- [TASK OBJECTIVE]
From the first line to the last, repeat the data exactly and drop the pictures.

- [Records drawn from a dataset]
• • • • •

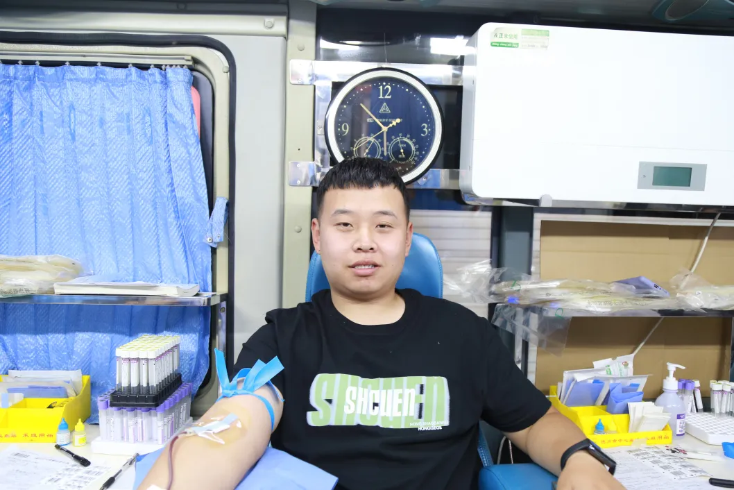 下午3時許,德州市中心血站采血車準時??吭诤隈R商貿(mào)城門口。天氣雖炎熱,但廣大職工們的獻血熱情絲毫不減,在血站工作人員的指引下依次進行身份登記、血樣化驗和采血準備等流程,醫(yī)務(wù)人員有條不紊,現(xiàn)場井然有序。符合獻血條件的職工依次接受醫(yī)護人員的采血,一股股承載著愛心的溫暖血液緩緩流入儲血袋,匯聚著黑馬人的責(zé)任與擔(dān)當(dāng)。
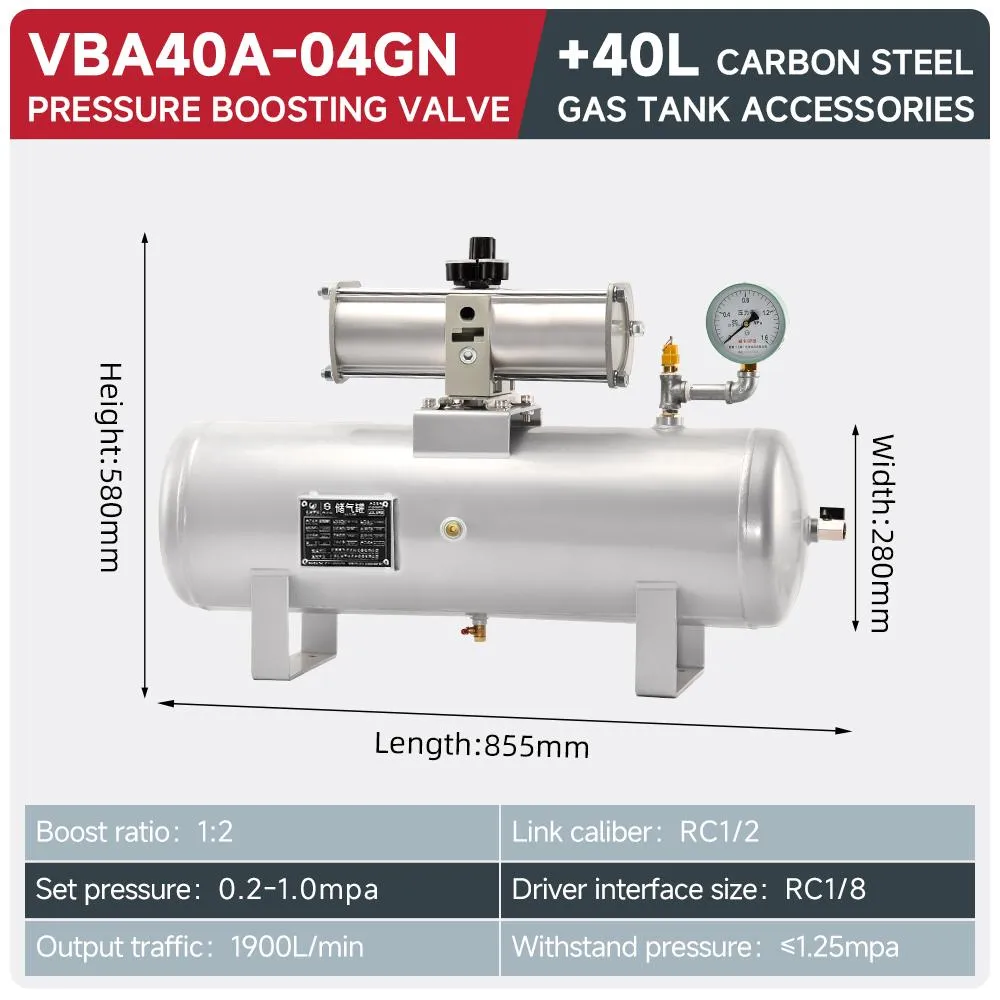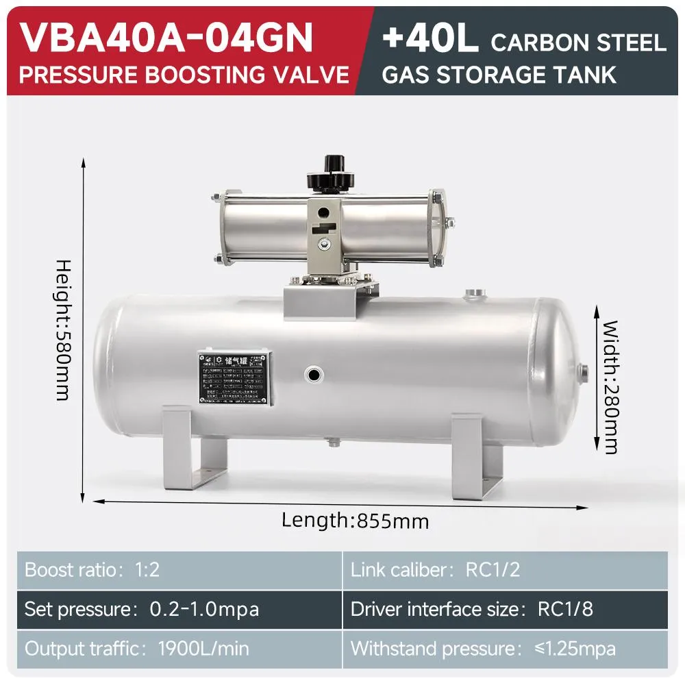 This robust system provides a 1:2 pressure boost, delivering a high output of 1900L/min within a 0.2-1.0MPa range via RC1/2 ports, and is integrated with a 40L tank for stable, high-volume air supply in large-scale industrial automation and pneumatic applications.
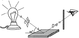 The light bulb produces un-polarized light - each photon is vibrating in its own different direction. Nonmetallic surfaces, such as black plastic, tend to reflect light that is vibrating parallel to the surface and to transmit or absorb light vibrating in all other directions. If the black plastic is horizontal, then it reflects light that is vibrating horizontally, creating horizontally polarized light. The horizontal black plastic reflects less light that is vibrating vertically.
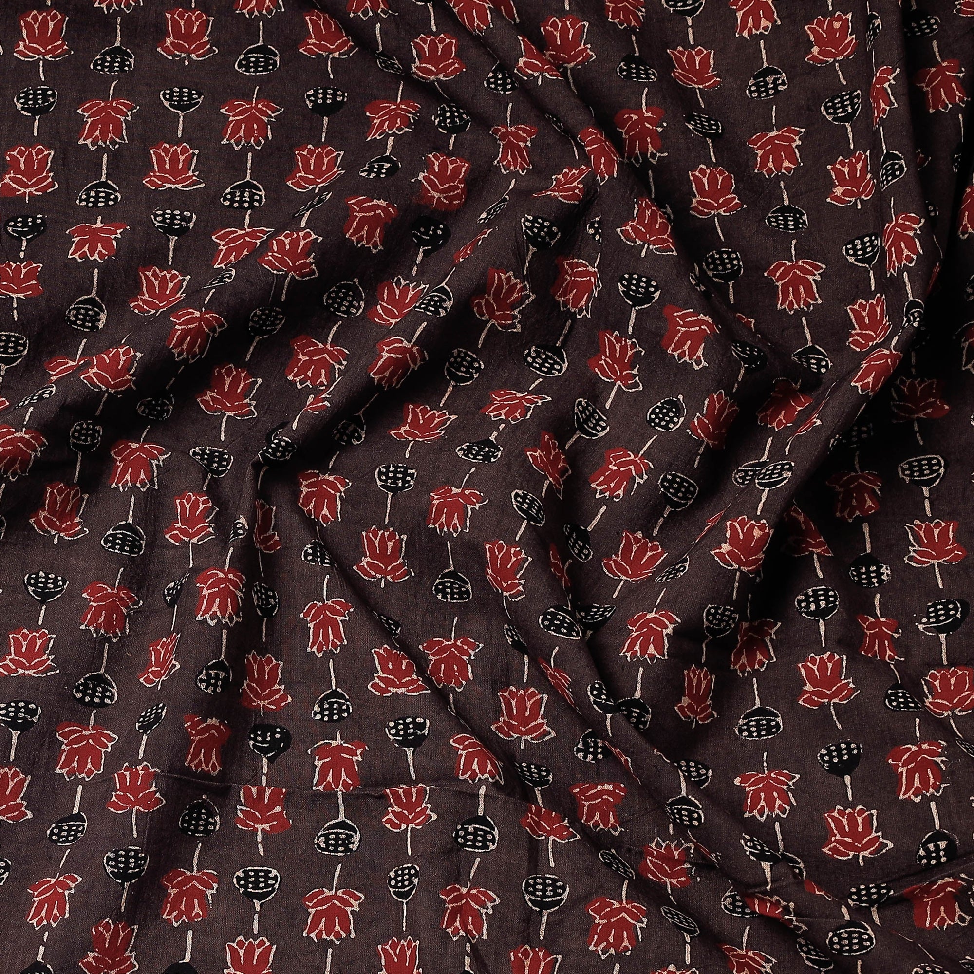 Fine quality brown ajrakh block printed cotton fabricmade using natural dyes through traditional ajrakh technique of hand block printing by Sufiyan Khatri practised in Kutch region of Gujarat. Ajrakh is a traditional vegetable dyeing and resist block-printing technique on cloth. It is estimated to be around 4,500 years old. The Ajrakh artisans in India are originally from Sindh and they migrated to Kutch in Gujarat and Barmer in Rajasthan. Ajrakh is the traditional attire of the Maldhari pastoral community of Bhuj. The process of 'Ajrakh' is a long drawn process with many stages and each layer of colour is printed after a gap of time so the cloth has to stay for the day.
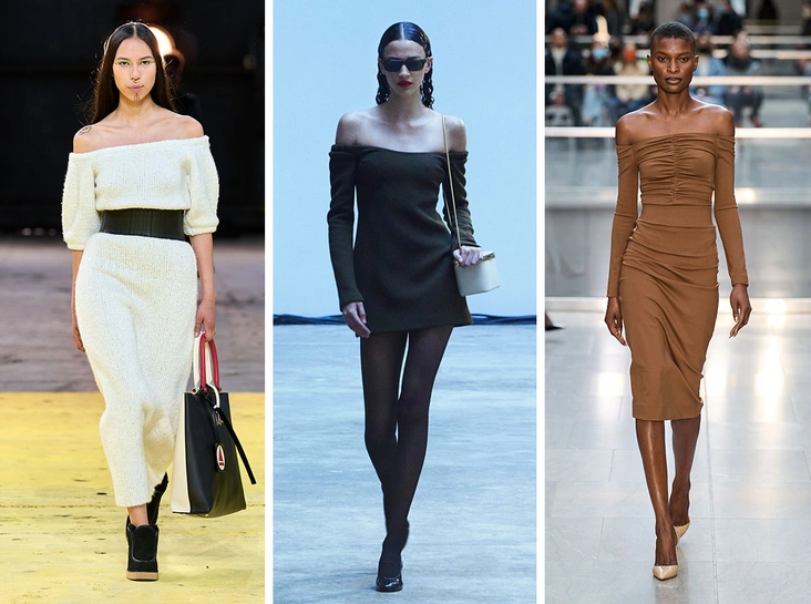 Еще пару сезонов назад fashion-инфлюенсеры, да и сами дизайнеры фыркали в сторону вещей с открытой линией плеч: мол, это уже давно пережиток прошлого. А вот в осенне-зимнем сезоне 2022/23 креативные директора брендов неожиданно вернули позабывшийся многим тренд. Через полгода переоденемся в трикотажные платья мини и миди, открывающие плечи и ключицу (читайте также: Как правильно хранить трикотажные вещи?)
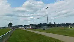 The scope and funding was the largest of its type, as well as for a city the size of Chehalis, at the time.[8] Despite help in constructing six ballfields from an engineering battalion of the Washington National Guard in 1973,[11] the park struggled to meet its timeline by the summer of 1974, due to issues of a lack of resources and city help in finishing the ballfields.[12] By mid-1974, light poles had been installed and the concession stand was finished,[13] and the fields were used of the 1974 Babe Ruth league state tournament.[14] Stan Hedwall Park was considered fully open in 1975, notwithstanding concerns over a lack of funding and deletion of proposed amenities,[15] and Chehalis residents were credited with raising $117,000 to help fund the completion of the park.[16]
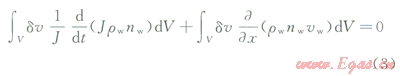 根據流體質量守恒原理,流體介質的連續性方程為[14]:
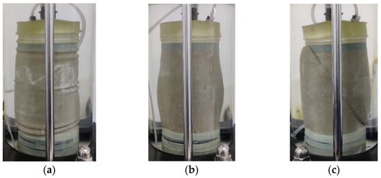 The deformation of specimens at the end of shear under undrained condition. (a) σ3′ = 300 kPa, Dr = 10%; (b) σ3′ = 300 kPa, Dr = 50%; and (c) σ3′ = 300 kPa, Dr = 90%.
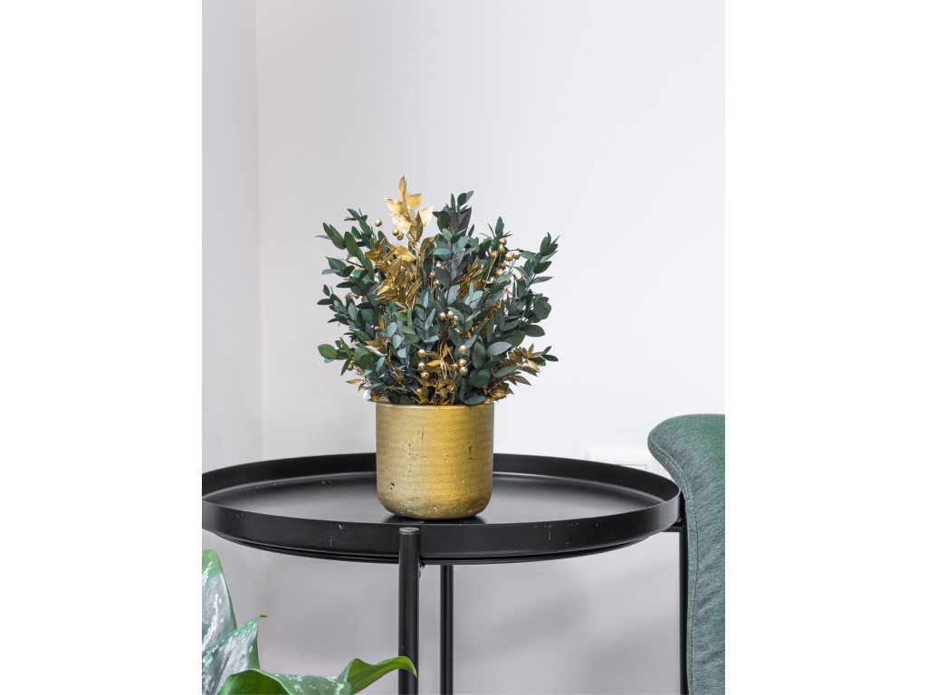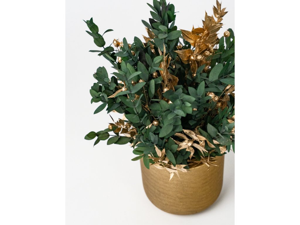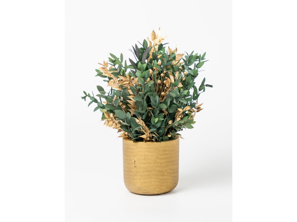Stabilizovaný aranžmán v zlatom kvetináči - „Golden Greenery“

• • • • •

- [ANSWER TO THIS PROBLEM]
 下午3時許,德州市中心血站采血車準時??吭诤隈R商貿(mào)城門口。天氣雖炎熱,但廣大職工們的獻血熱情絲毫不減,在血站工作人員的指引下依次進行身份登記、血樣化驗和采血準備等流程,醫(yī)務(wù)人員有條不紊,現(xiàn)場井然有序。符合獻血條件的職工依次接受醫(yī)護人員的采血,一股股承載著愛心的溫暖血液緩緩流入儲血袋,匯聚著黑馬人的責(zé)任與擔(dān)當(dāng)。
 This robust system provides a 1:2 pressure boost, delivering a high output of 1900L/min within a 0.2-1.0MPa range via RC1/2 ports, and is integrated with a 40L tank for stable, high-volume air supply in large-scale industrial automation and pneumatic applications.
 The light bulb produces un-polarized light - each photon is vibrating in its own different direction. Nonmetallic surfaces, such as black plastic, tend to reflect light that is vibrating parallel to the surface and to transmit or absorb light vibrating in all other directions. If the black plastic is horizontal, then it reflects light that is vibrating horizontally, creating horizontally polarized light. The horizontal black plastic reflects less light that is vibrating vertically.
 Fine quality brown ajrakh block printed cotton fabricmade using natural dyes through traditional ajrakh technique of hand block printing by Sufiyan Khatri practised in Kutch region of Gujarat. Ajrakh is a traditional vegetable dyeing and resist block-printing technique on cloth. It is estimated to be around 4,500 years old. The Ajrakh artisans in India are originally from Sindh and they migrated to Kutch in Gujarat and Barmer in Rajasthan. Ajrakh is the traditional attire of the Maldhari pastoral community of Bhuj. The process of 'Ajrakh' is a long drawn process with many stages and each layer of colour is printed after a gap of time so the cloth has to stay for the day.
 Еще пару сезонов назад fashion-инфлюенсеры, да и сами дизайнеры фыркали в сторону вещей с открытой линией плеч: мол, это уже давно пережиток прошлого. А вот в осенне-зимнем сезоне 2022/23 креативные директора брендов неожиданно вернули позабывшийся многим тренд. Через полгода переоденемся в трикотажные платья мини и миди, открывающие плечи и ключицу (читайте также: Как правильно хранить трикотажные вещи?)
 The scope and funding was the largest of its type, as well as for a city the size of Chehalis, at the time.[8] Despite help in constructing six ballfields from an engineering battalion of the Washington National Guard in 1973,[11] the park struggled to meet its timeline by the summer of 1974, due to issues of a lack of resources and city help in finishing the ballfields.[12] By mid-1974, light poles had been installed and the concession stand was finished,[13] and the fields were used of the 1974 Babe Ruth league state tournament.[14] Stan Hedwall Park was considered fully open in 1975, notwithstanding concerns over a lack of funding and deletion of proposed amenities,[15] and Chehalis residents were credited with raising $117,000 to help fund the completion of the park.[16]
 根據流體質量守恒原理,流體介質的連續性方程為[14]:
 The deformation of specimens at the end of shear under undrained condition. (a) σ3′ = 300 kPa, Dr = 10%; (b) σ3′ = 300 kPa, Dr = 50%; and (c) σ3′ = 300 kPa, Dr = 90%.
Stabilizovaný aranžmán v zlatom kvetináči - „Golden Greenery“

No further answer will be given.